Pt interlayers enable zero-resistance states at 2 micrometer distances in LSMO-based planar Josephson junctions

A machine-rendered reading of the paper's core claim, the machinery that carries it, and where it could break.

The paper extends earlier studies of triplet supercurrent transport in planar nanostrip Josephson junctions that use the half-metallic ferromagnet La0.7Sr0.3MnO3 (LSMO) as the weak link between NbTi superconducting electrodes. It examines the dependence of critical current on nanostrip length and width, finding strong supercurrents but no clear scaling laws because fabrication parameters remain hard to control. The central new experiment inserts a Pt layer between LSMO and NbTi by etching electrode structures onto a continuous LSMO film. This yields sharp superconducting transitions and zero-resistance states at an electrode separation of 2 micrometers, together with indications that still larger separations remain possible. The work matters because half-metals can in principle carry fully spin-polarized triplet supercurrents over long distances, which would be valuable for superconducting spintronic devices if the range can be made reliable.

Core claim

When a Pt interlayer is placed between the LSMO film and the NbTi electrodes, the resulting planar junctions display sharp superconducting transitions and reach a zero-resistance state at an electrode distance of 2 micrometers, with evidence that even larger distances should be accessible.

What carries the argument

The Pt interlayer at the LSMO/NbTi interface, which promotes conversion to triplet correlations that propagate through the half-metallic LSMO over micrometer-scale distances.

If this is right

Triplet supercurrents can be sustained across LSMO lengths of at least 2 micrometers when a Pt interlayer is used.
The absence of simple length or width scaling in the nanostrip devices points to insufficient control over interface or material parameters during fabrication.
The trend observed with Pt interlayers suggests that electrode separations substantially larger than 2 micrometers remain experimentally reachable.
The Pt layer improves interface transparency or spin-mixing compared with direct NbTi-LSMO contacts.

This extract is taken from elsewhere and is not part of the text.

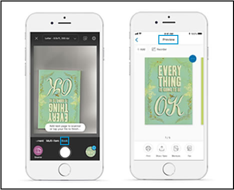 Při skenování z pracovní plochy skeneru tiskárny HP+ nebo fotoaparátu mobilního zařízení je v aplikaci k dispozici skenování knih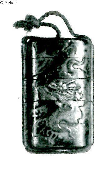 Sammlung Eduard Fuchs, erworben zwischen 1912–1925 und in dessen Besitz bis 1933; 25.10.1933 Beschlagnahmung durch die Gestapo; zwangsweiser Verkauf (Zahlung Reichsfluchtsteuer) 1937 durch seine Tochter Gertraud Fuchs: Versteigerung Auktionshaus Rudolph Lepke Berlin, Katalog 2115 - am 15.10 und am 16.10.1937 wurde diese Kleinplastik unter Nr. 289 versteigert: „INRO: Schwarzlack, fünfteilig. Drachen in Wolken in Goldlack und metallischem Silber. 8,5 cm. Japan. Abbildung Tafel 11“.

Where Pith is reading between the lines

These are editorial extensions of the paper, not claims the author makes directly.

If the supercurrent is confirmed to be triplet and fully spin-polarized, the platform could be used to test superconducting spin valves or long-range spin transport in hybrid devices.
Systematic variation of Pt thickness or substitution of other interlayers would help isolate which interface property controls the triplet generation efficiency.
Mapping the temperature and magnetic-field dependence of the critical current across many devices would provide a quantitative test of the proximity-effect decay length inside the LSMO.

Load-bearing premise

The measured zero-resistance states arise from triplet supercurrent flowing through the LSMO rather than from fabrication shorts, unintended interface paths, or other artifacts.

What would settle it

Fabricating and measuring control devices in which the LSMO layer is absent or replaced by a normal metal while keeping the Pt/NbTi electrode geometry identical, and checking whether the zero-resistance state at 2 micrometers disappears.

Figures

Figures reproduced from arXiv: 2605.00577 by Jan Aarts, Julian van Doorn, Junxiang Yao, Mariona Cabero.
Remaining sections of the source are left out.